▽
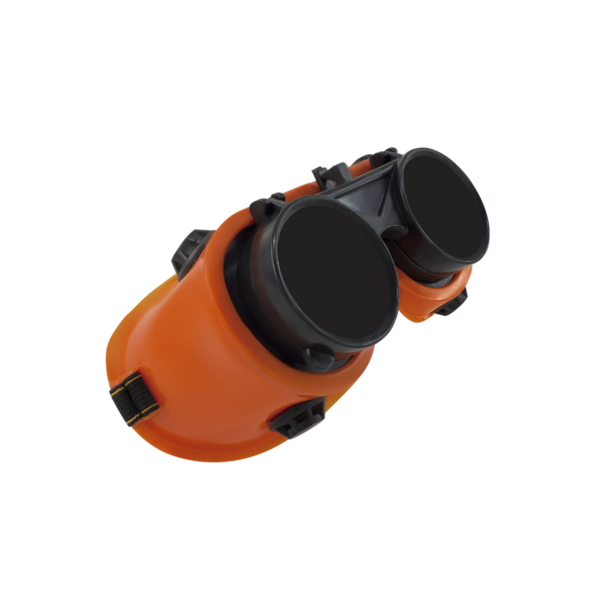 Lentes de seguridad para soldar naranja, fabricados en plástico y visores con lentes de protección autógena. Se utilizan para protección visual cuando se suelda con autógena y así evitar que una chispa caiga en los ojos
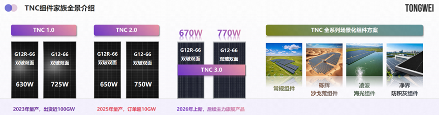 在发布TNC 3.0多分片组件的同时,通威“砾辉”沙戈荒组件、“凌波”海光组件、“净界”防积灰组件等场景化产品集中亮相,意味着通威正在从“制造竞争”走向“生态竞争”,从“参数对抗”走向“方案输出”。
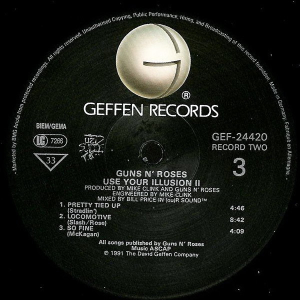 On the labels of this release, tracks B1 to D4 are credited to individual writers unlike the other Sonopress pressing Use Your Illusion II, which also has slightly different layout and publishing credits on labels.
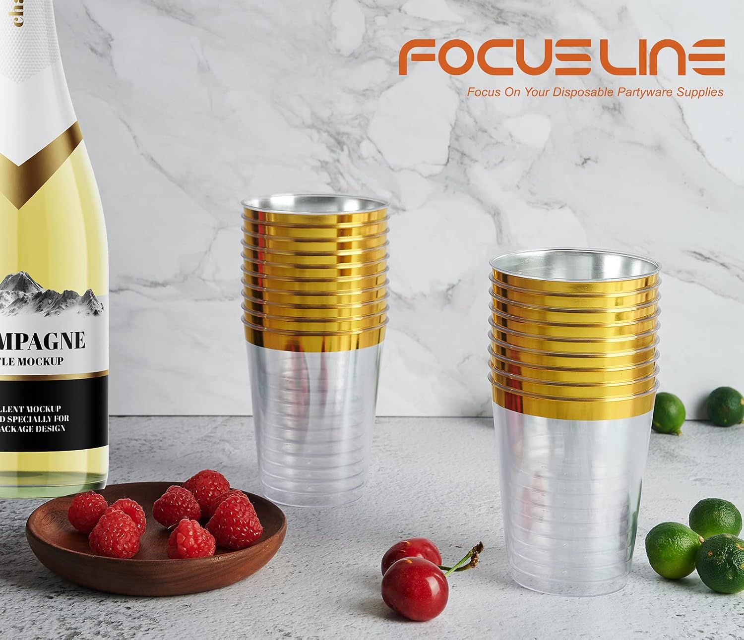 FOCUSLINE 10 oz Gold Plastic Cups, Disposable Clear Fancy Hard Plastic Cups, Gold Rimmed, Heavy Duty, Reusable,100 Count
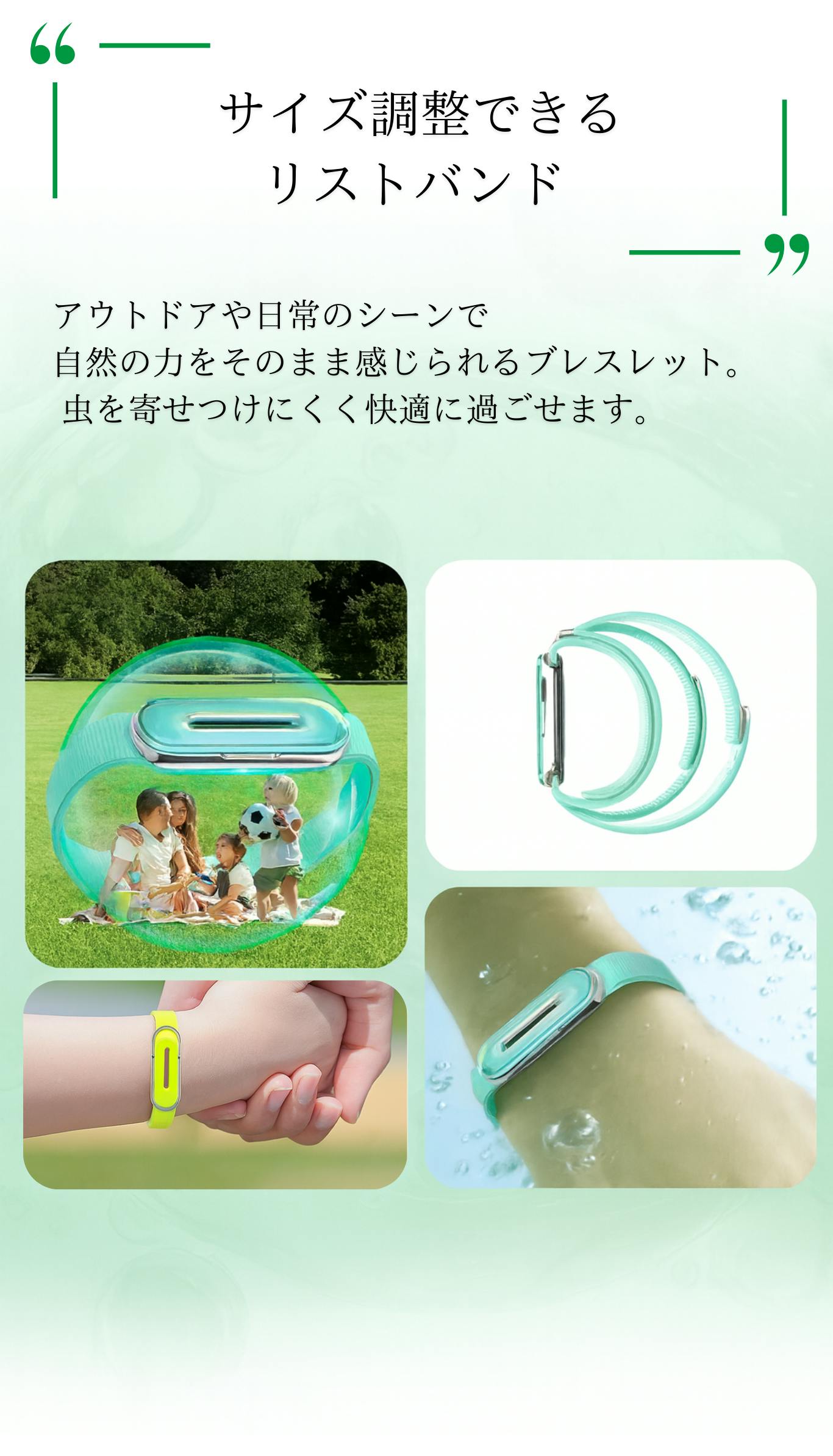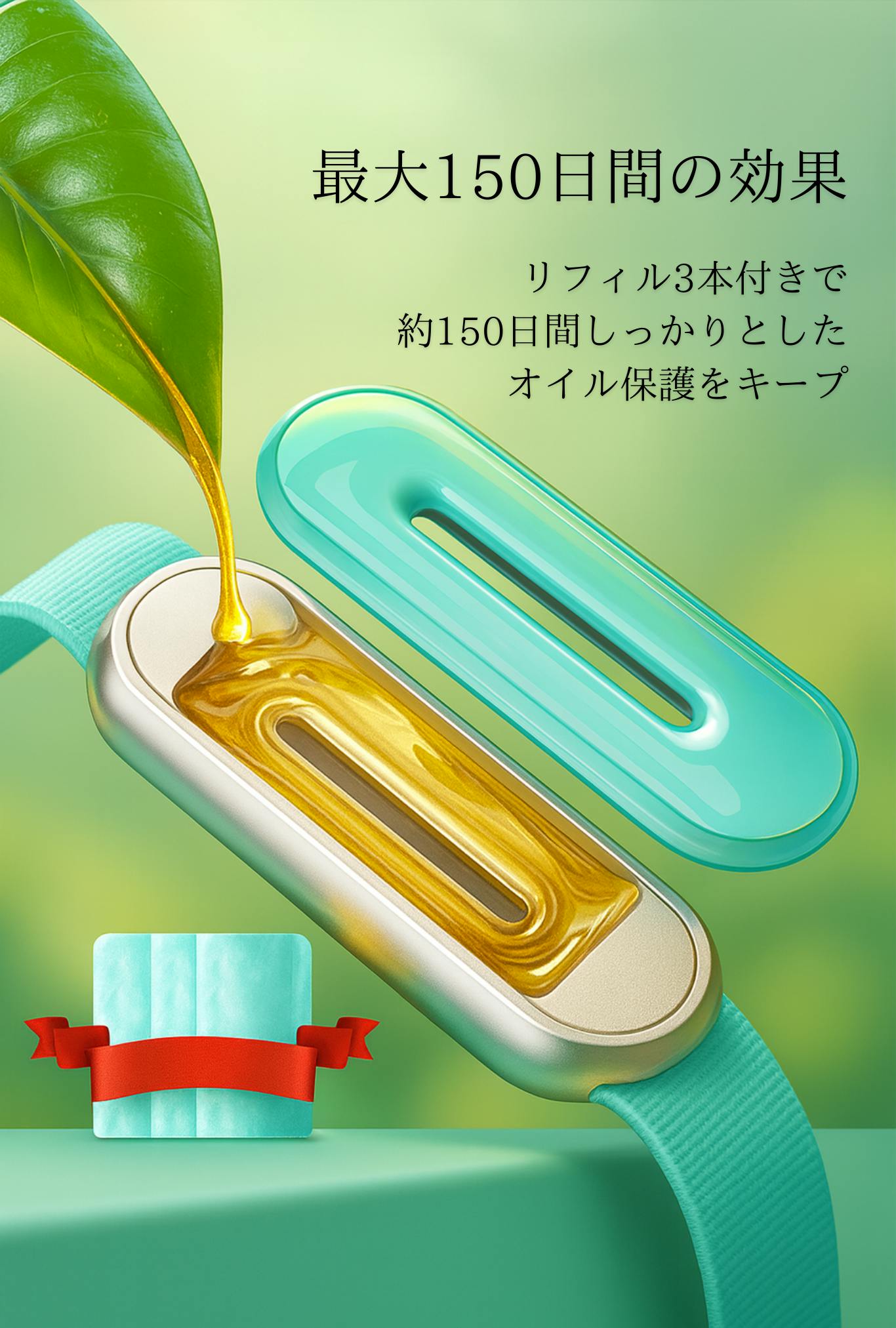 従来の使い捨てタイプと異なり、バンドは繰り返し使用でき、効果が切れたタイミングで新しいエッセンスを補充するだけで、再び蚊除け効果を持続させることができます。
△
▽
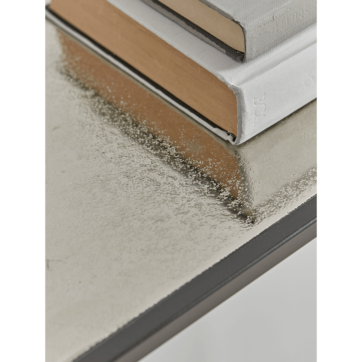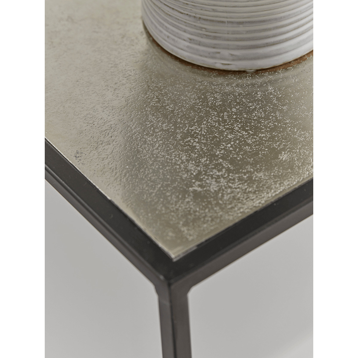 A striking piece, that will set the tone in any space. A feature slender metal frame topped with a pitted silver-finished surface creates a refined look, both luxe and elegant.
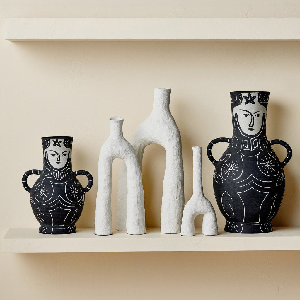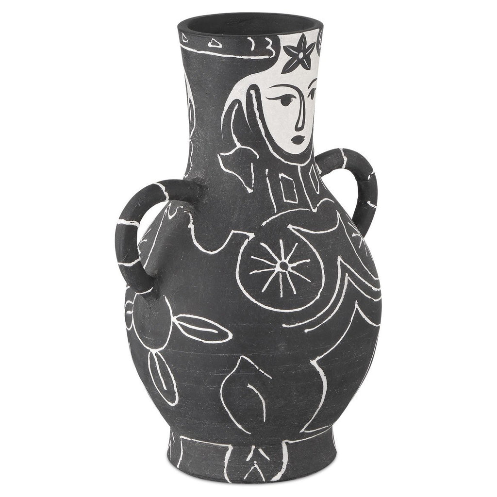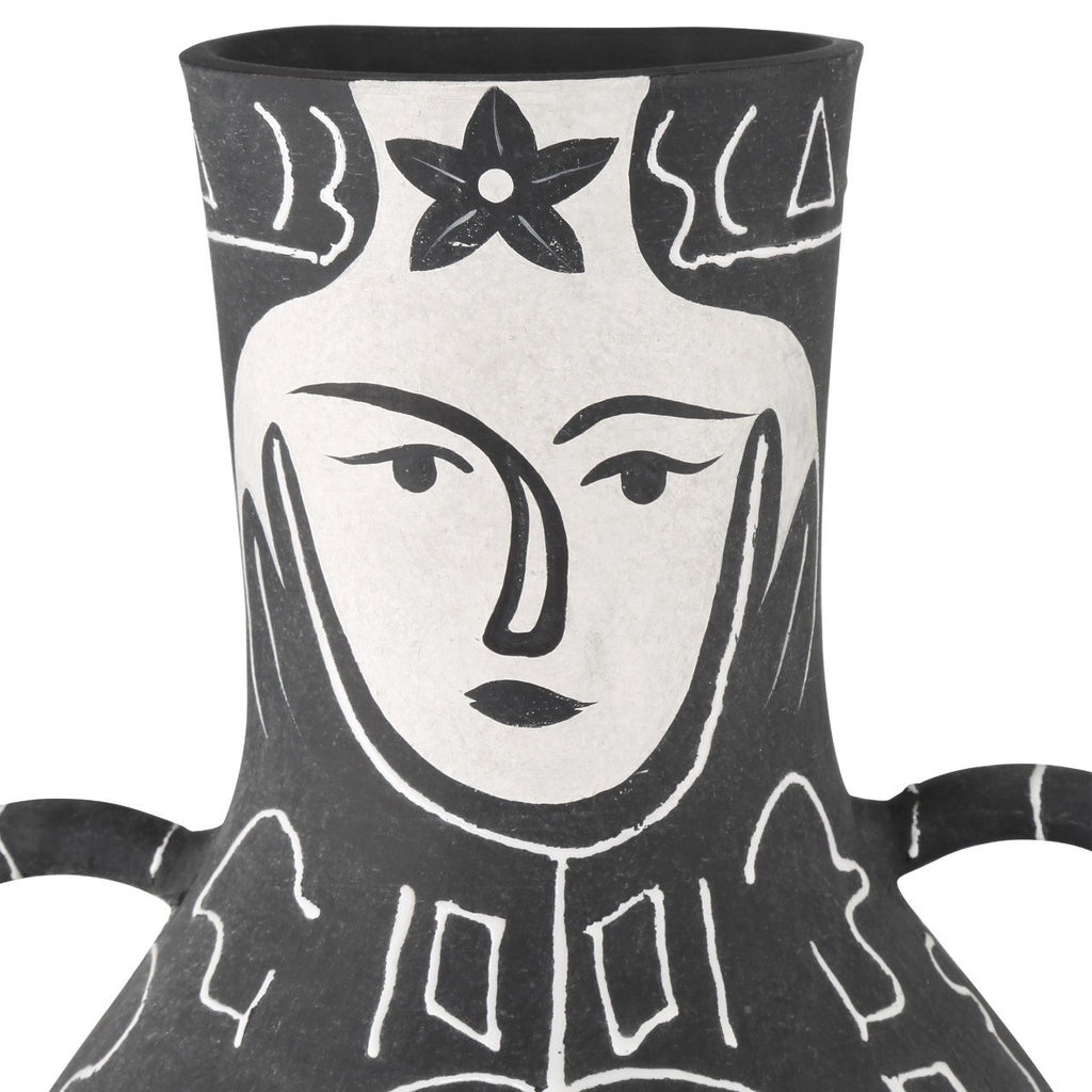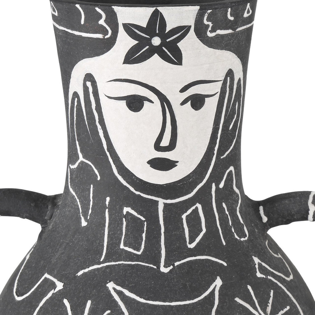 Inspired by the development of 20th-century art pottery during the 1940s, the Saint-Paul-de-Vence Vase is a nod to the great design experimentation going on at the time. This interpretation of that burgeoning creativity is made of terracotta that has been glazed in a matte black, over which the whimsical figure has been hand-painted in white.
△
- How to complete this task
Make an exact copy of the lines above, beginning with the line with "Lentes de seguridad" and ending with the line with "On the labels", and keep the pictures out of it.

- Response to the task
 Lentes de seguridad para soldar naranja, fabricados en plástico y visores con lentes de protección autógena. Se utilizan para protección visual cuando se suelda con autógena y así evitar que una chispa caiga en los ojos
 在发布TNC 3.0多分片组件的同时,通威“砾辉”沙戈荒组件、“凌波”海光组件、“净界”防积灰组件等场景化产品集中亮相,意味着通威正在从“制造竞争”走向“生态竞争”,从“参数对抗”走向“方案输出”。
 On the labels of this release, tracks B1 to D4 are credited to individual writers unlike the other Sonopress pressing Use Your Illusion II, which also has slightly different layout and publishing credits on labels.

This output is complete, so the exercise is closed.